**Exercise requirements**. Everything from the line containing "For David Donofrio, we" to the last line of the listing below should be restated exactly, both ends included, with nothing added and the pictures omitted.

**Given records**.

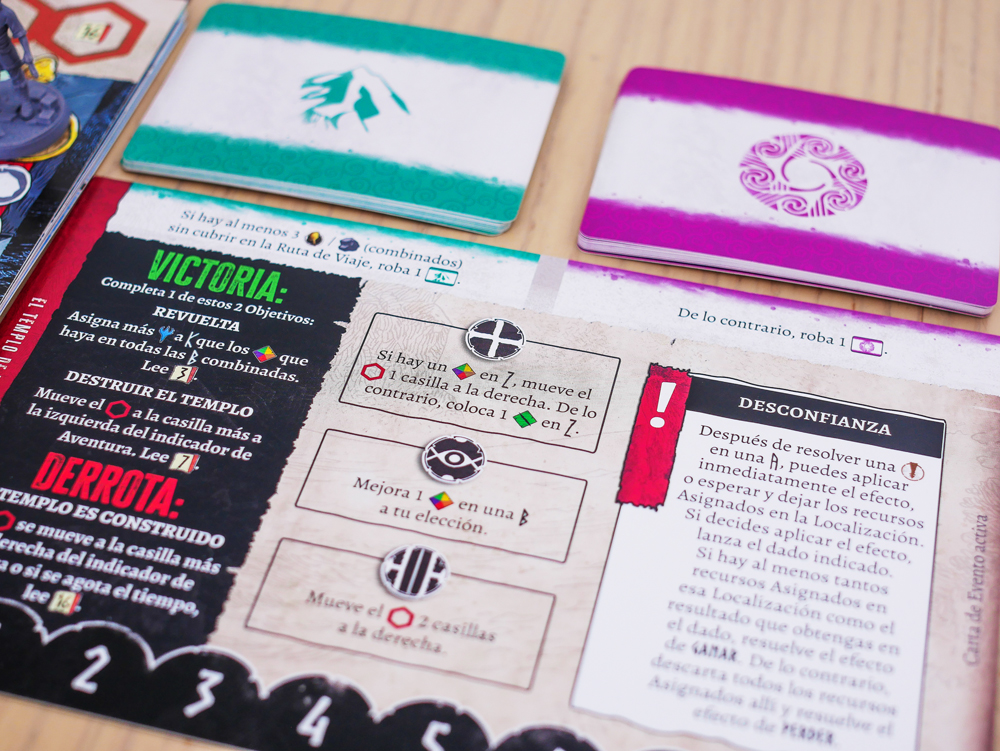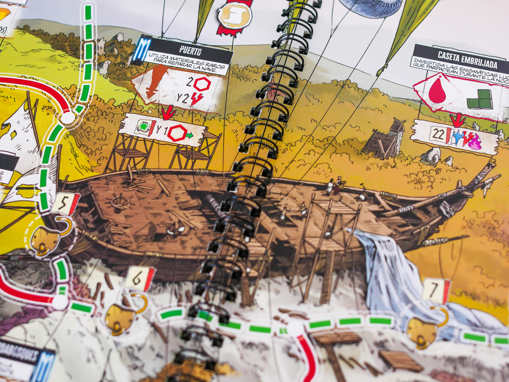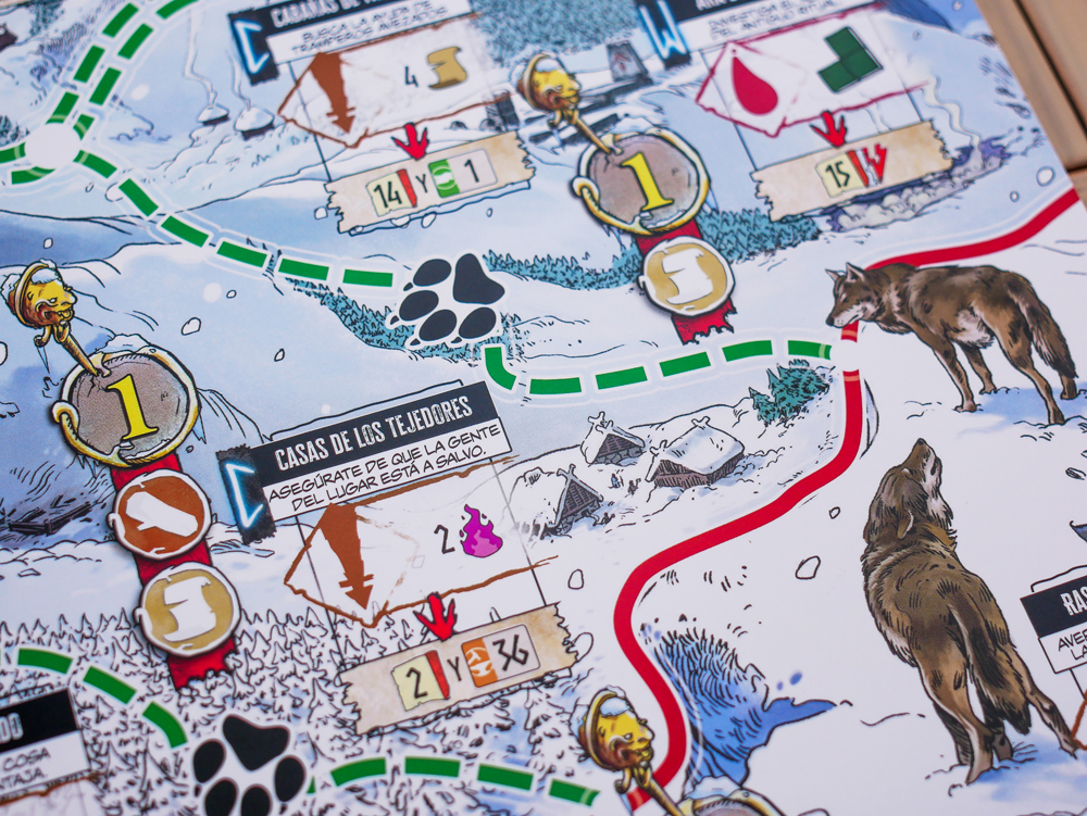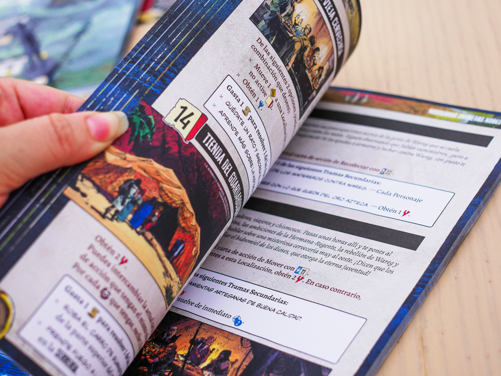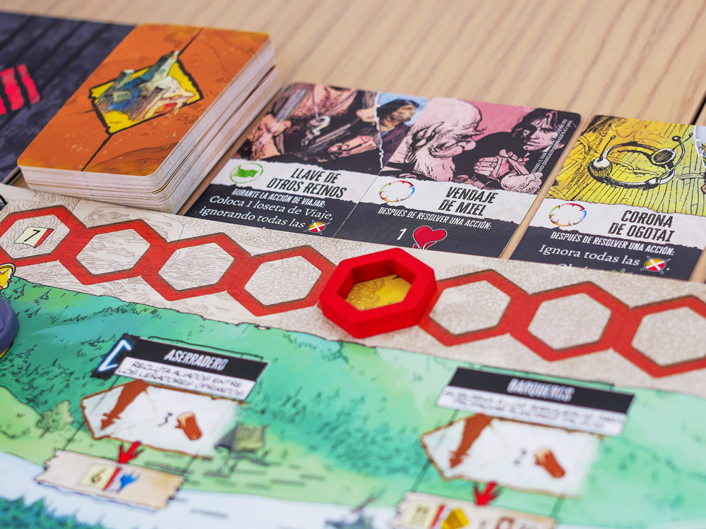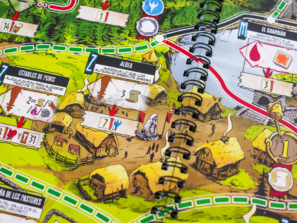 COMPONENTES: 1 Atlas de Aventuras (incluye 7 Aventuras rejugables) 1 Libro de Relatos 4 hojas de Aventura 4 miniaturas 4 tableros de Personaje 4 discos de acción 12 dados personalizados 100+ fichas de madera 150+ cartas de 63×88 mm (Enemigo, Terreno, Acción, Evento ) 40+ cartas de 44×68 mm (Objeto, Descubrimiento ) 250+ fichas y losetas (Herida y Viaje, Enemigo, Bloqueo, Entrada, Amenaza ) 1 reglamento
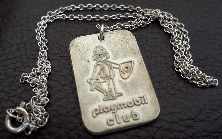 Die bereits erwähnte Kette playmobil Club aus den 70ern, einmal mit Kette und einmal nur der Anhänger
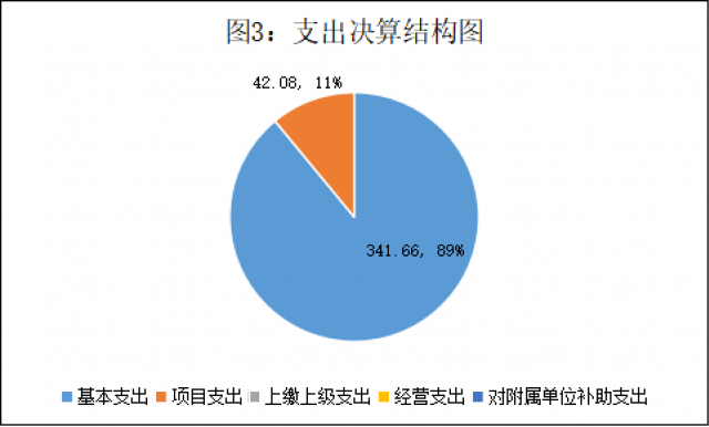2024年度本年支出合计383.74万元,其中:基本支出341.66万元,占87%;项目支出42.08万元,占13%;上缴上级支出0万元,占0%;经营支出0万元,占0%;对附属单位补助支出0万元,占0%。
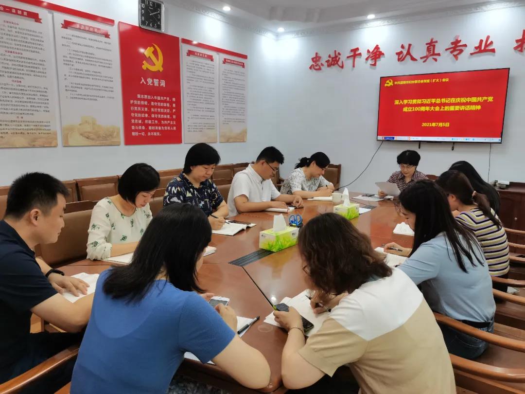 会上,集体学习了习近平总书记在庆祝中国共产党成立100周年大会上的重要讲话原文。在研讨交流中,大家纷纷表示,要认真学习贯彻落实讲话精神,在各自岗位上践行初心、担当使命,不断把为崇高理想奋斗的实践推向前进。
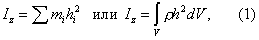 где mi — массы точек тела, hi — их расстояния от оси z, r — массовая плотность, V — объём тела. Величина Iz является мерой инертности тела при его вращении вокруг оси (см. Вращательное движение). Осевой М. и. можно также выразить через линейную величину k, называемую радиусом инерции, по формуле Iz = Mk2, где М — масса тела. Размерность М. и. — L2M; единицы измерения — кг×м2 или г×см2.
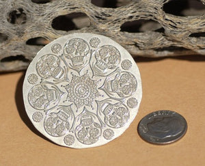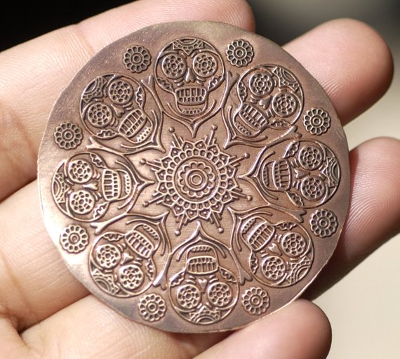 These metal disks are textured with our Sugar Skull pattern. Textured metal disks. This Artwork took me quite some time to do. These would make beautiful Pendant pieces.
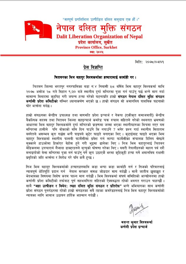 सुर्खेत । चितवनका भिम बहादुर विश्वकर्माका हत्यारालाई कारबाहीको माग गरिएको छ । नेपाल दलित मुक्ति संगठन कर्णाली प्रदेश कमिटिले विश्वकर्माका हत्यारालाई कारबाहीको माग गरेको हो ।
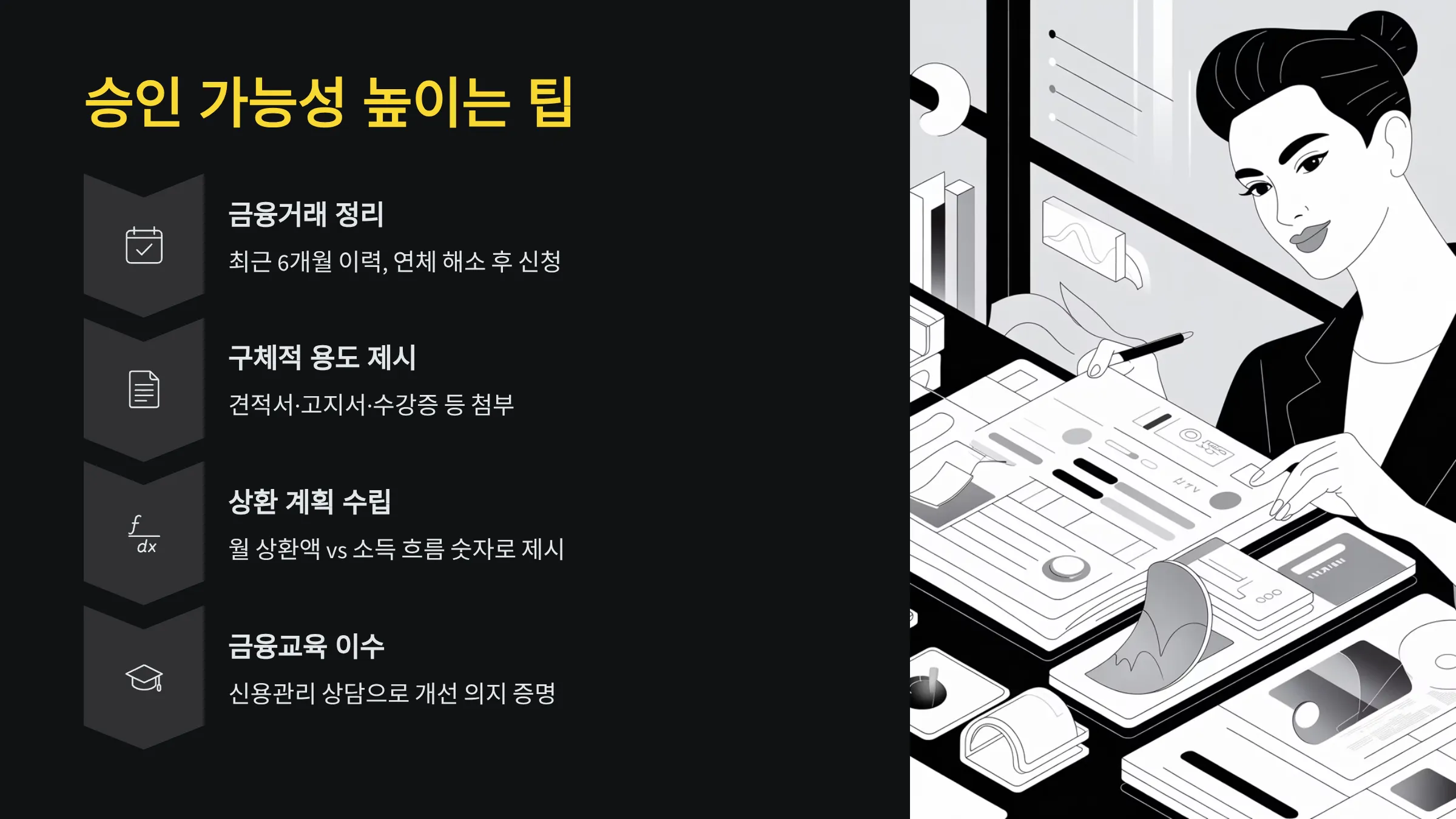 첫째, 최근 6개월 금융거래 이력을 정리하시고, 연체·미납이 있다면 정리 후 신청하시길 권합니다.
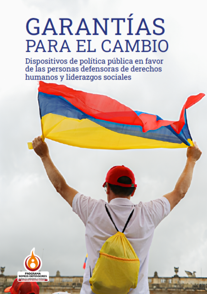 El informe Garantías para el cambio: dispositivos de política pública en favor de las personas defensoras de derechos humanos y liderazgos sociales, elaborado gracias a un trabajo conjunto entre el Comité de Solidaridad con los Presos Políticos (CSPP), Coordinación Colombia Europa Estados Unidos (CCEEU) y el Programa Somos Defensores (PSD) tiene como propósito presentar de manera sintética las principales falencias en la implementación de mecanismos que se consideran pilares en la construcción de una política pública de garantías para el ejercicio de la labor de defensa de los derechos humanos y que fueron consagrados en el Acuerdo de Paz, junto con algunas recomendaciones de largo alcance al Gobierno entrante de Gustavo Petro y Francia Márquez que se consideran fundamentales para encauzar el rumbo de su implementación, avanzar en la superación de las violencias que enfrentan las personas defensoras y liderazgos sociales y la configuración de una política pública de garantías para el ejercicio de la labor de defensa de los derechos humanos.
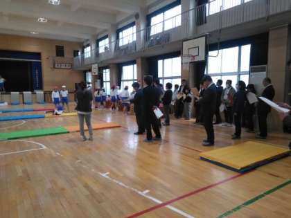 たくさんの方にきていただき、関目東小学校の体育科の授業を見ていただきました。
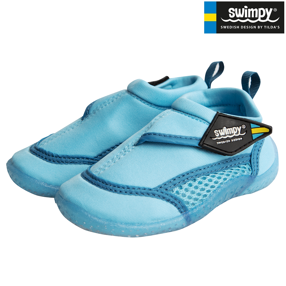Swimpy Light Turquoise are light and protective beach and swim shoes for children made of comfortable neoprene and mesh with soft fabric on the top. Swimpy beach shoes protect your children's feet from sharp rocks and hot sand on the beach through a heat-resistant sole in TPR rubber.
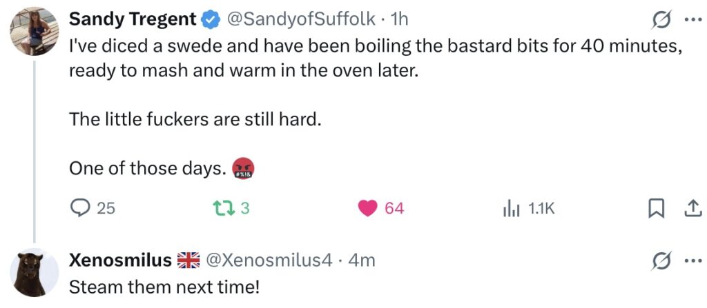 I suggested Sandy swear at them … she’ll have them eating out of her hand:
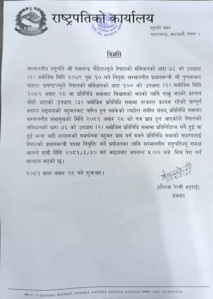 उनले असार ३० गते आइतबार बेलुका ५ बजेसम्म प्रधानमन्त्रीको दाबी गर्न दुई वा दुई भन्दा बढी दलको समर्थनमा बहुमत प्राप्त गर्नसक्ने प्रतिनिधि सभा सदस्यलाई प्रधानमन्त्रीको दाबी पेस गर्न भनेका हुन् । यसअघि उनले कानुनविद्हरूसँग राय लिएका थिए ।
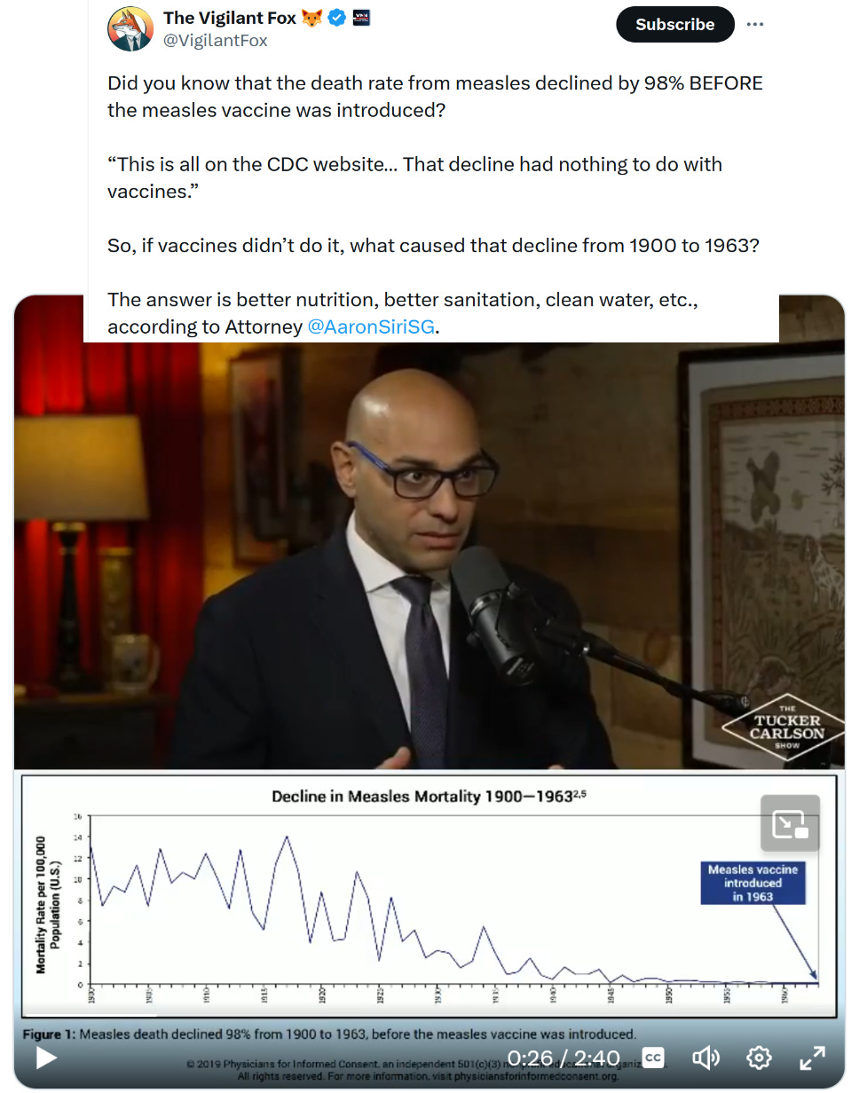 Dr. Peter McCullough MD - Jan 5th 2025 5:19am EST By Peter A. McCullough, MD, MPH Many experts have pointed out that the mortality rate from measles had reduced 98% before the introduction of the measles vaccine in 1963. This is best substantiated in Dissolving Illusions: Disease, Vaccines, and the Forgotten History 10th Anniversary Edition Companion and Reference, by Roman Bystrianyk and Dr SuzanneHumphries. By […]
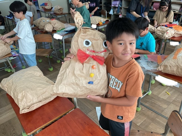 以前紹介しました、2年生の図工『ぎゅっとしたいわたしの友達』が完成しました。作品が完成すると、ぎゅっと抱きしめる2年生達。愛くるしい作品が沢山できました。
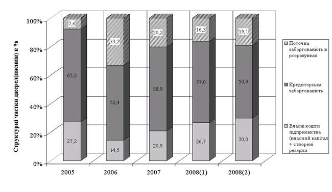 Рис.В.4. Динаміка структури характерних агрегатів пасивів балансу ТОВ „Металоіндустрія Плюс” у 2005 –2008 роках
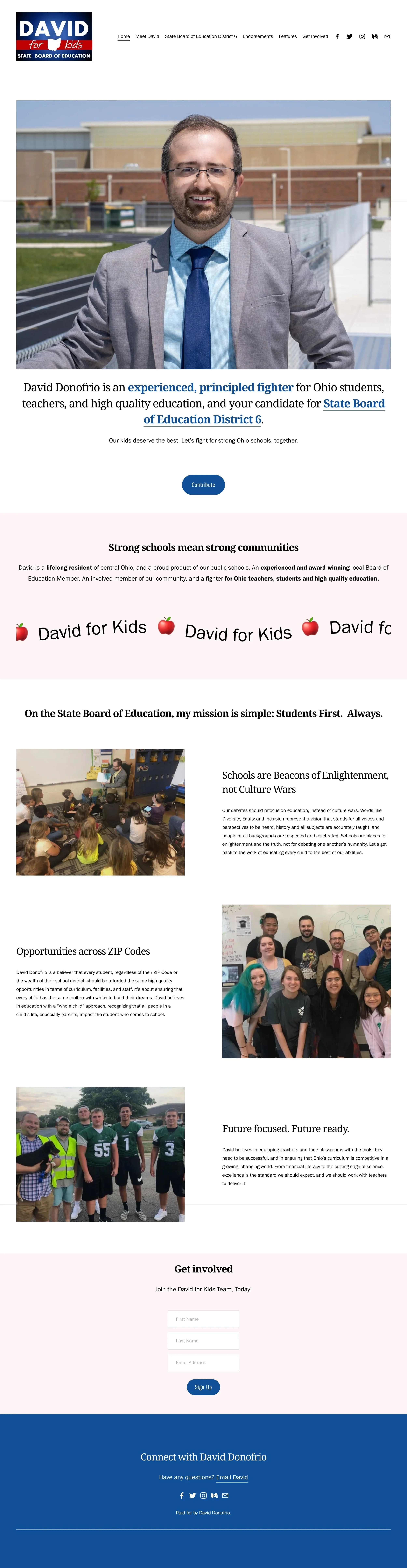 For David Donofrio, we delivered a platform to launch his campaign for State Board of Education. We built a clear, authoritative Squarespace site designed to mobilize voters and drive donations.
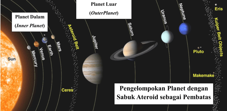 Kriteria pengelompokan planet adalah sebagai berikut:

**Exercise result**.
 For David Donofrio, we delivered a platform to launch his campaign for State Board of Education. We built a clear, authoritative Squarespace site designed to mobilize voters and drive donations.
 Kriteria pengelompokan planet adalah sebagai berikut:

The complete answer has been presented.